I would probably say 'thank you' or 'I appreciate it'.

 

^this

 

My exgirlfriends family is religious and her mom still tells me that I am in her prayers. I feel very strange and awkward when I am told that I am in someones prayers. I think it might be because the people I care about the most and that mean the most to me wouldn't say that kind of thing to me.

 

Yeah...I've heard that from some close members of my family and you just kind of go with it. There are a lot of very religious people who go to faith because of personal tragedy and strife (death, social and political oppression, etc) and I can't criticize that, I respect it. I think a lot of people aren't religious simply because they don't need to be.

 

Now as soon as people start judging you, and the "I'll pray for you" is condescending (most evangelicals are like that for example) that's when you can start questioning it. If it's a stranger, tell them that's that not their place as devotees. Personally I'm hold vague, post-theist beliefs (I'm beyond being an agnostic I guess) and think that prayer as a literal concept is absolutely ridiculous.
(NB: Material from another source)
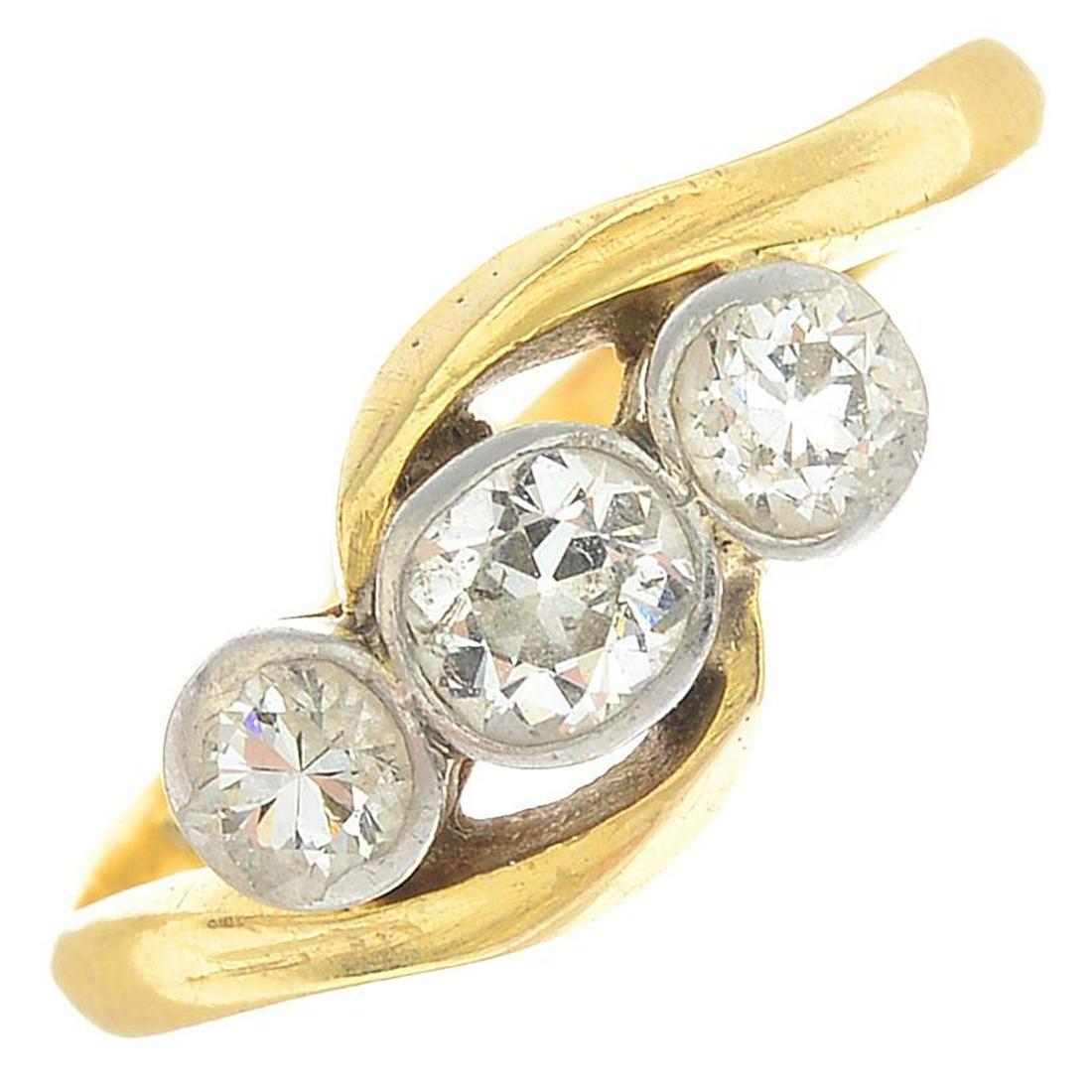 A diamond three-stone crossover ring.Estimated total

Praying should be a goodwill gesture or meditation, not a fucking request.

 

I've always respected Hitchens and thought he broke it down quite well:

 

 

The way the English-born Hitchens sees it, the people praying for him break down into three basic groups: those who seem genuinely glad he's suffering and dying from cancer; those who want him to become a believer in their religious faith; and those who are asking God to heal him.

 

Hitchens has no use for that first group. "'To hell with you' is the response to the ones who pray for me to go to hell," Hitchens told AP.

 

He's ruling out the idea of a deathbed change of heart: "'Thanks but no thanks' is the reply to those who want me to convert and recognize a divinity or deity."

 

It's that third group -- people who are asking God for Hitchens' healing -- that causes Hitchens to choose his words even more carefully than normal. Are those prayers OK? Are they helpful?

 

"I say it's fine by me, I think of it as a nice gesture. And it may well make them feel better, which is a good thing in itself," says Hitchens.

 

But prayers for his healing don't make him feel better.

 

"Well, not any more than very large numbers of very kind, thoughtful letters from nonbelievers, some of whom know me, some of whom don't, asking me to know that they are on my side," Hitchens said. "That cheers me up, yes."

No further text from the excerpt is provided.